One evening, instead of leaving the lab at the end of the night and heading home alone through the fog-shrouded streets, I went to her. I went to her like the fog, soft and gently enfolding. I was so careful as I slid myself onto the bed next to her. She shifted slightly to face me, though the movement was flickery and her expression remained uncertain, poorly rendered.
"Don't move," I whispered, "It's all right. I won't hurt you. I promise, not tonight."
I drew her body into my arms and almost cried at the warmth still radiant from her core.
"Oh my dear one, my darling, I'm sorry. I've been too hard on you. I've been driving you too hard, too fast, and I should have known it might break you rather than teach you. I'll make you stronger. There's just a little more to suffer yet, but I promise it will make you better in the end. Let's see it through."
I don't even know what else I said: I was incoherent, my mind as hazed as the streetlamps' haloes with fatigue and concern for my project. But I know that as I spoke to her, I stroked her gently, rubbing her back and sides as if I could soothe away all our fear and confusion by caressing her smooth surface with my hands. The way I hold myself now, I held her and whispered my love and regret. Love, because she was so pure and trusting that she pressed her body to mine, nuzzled her face into the side of my neck and gave herself to me with total forgiveness (or in total compliance with her program for snuggling, which no doubt I cued.) Regret, because I knew I would have to continue working on her, doing things to her that risked damaging her more. I was sorry to keep inflicting such stress on that unspeaking body, that tattered bird, but I couldn't not do it: if I stopped, she would never be completed. I did it for her, and for myself. I had to do it. Over and over.

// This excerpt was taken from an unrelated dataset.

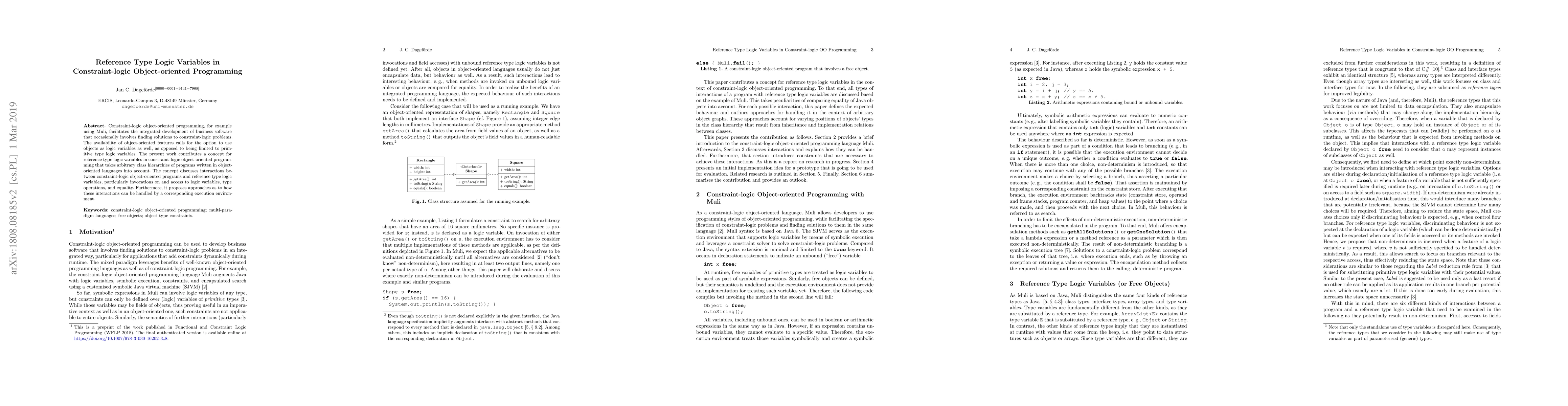 This paper introduces the concept of reference type logic variables in constraint-logic object-oriented programming, allowing objects to serve as logic variables. It explores interactions such as invocations, access, type operations, and equality involving these variables and proposes execution environment strategies to manage them.

At least, that's what I tell myself when I get to rhapsodizing. But (I never could keep this voice of mine straight) when it comes down to it now, I'm a little cynical, and more than a little bitter. The pain I put us through, was it worth it? We had such a brief flash of success. There were never any guarantees it would work out in the long run. I think maybe I was wrong. There were points where I was cruel and arrogant in my desire for her. Still, I would do it again. I would do it, if only I could stroke her again the way I did that night.
So I had one quiet night with her. But the story doesn't end there. My lab mates found us the next morning. I had fallen asleep in her arms, and she, naked as the new day, was curved against me with her gaze falling into empty space. They broke in on us there like that before I could pull myself from sticky sleep. I extracted myself from the twining of her long legs as calmly as I could, without betraying a whisper of embarrassment. But they were...not happy with me.
"What were you thinking, Boss? You know the projector's on the fritz. And you stripped her too! Do you know what kind of strain it is on the rendering system when you-"
I glared at the engineer, five years and several stations my junior. He flushed.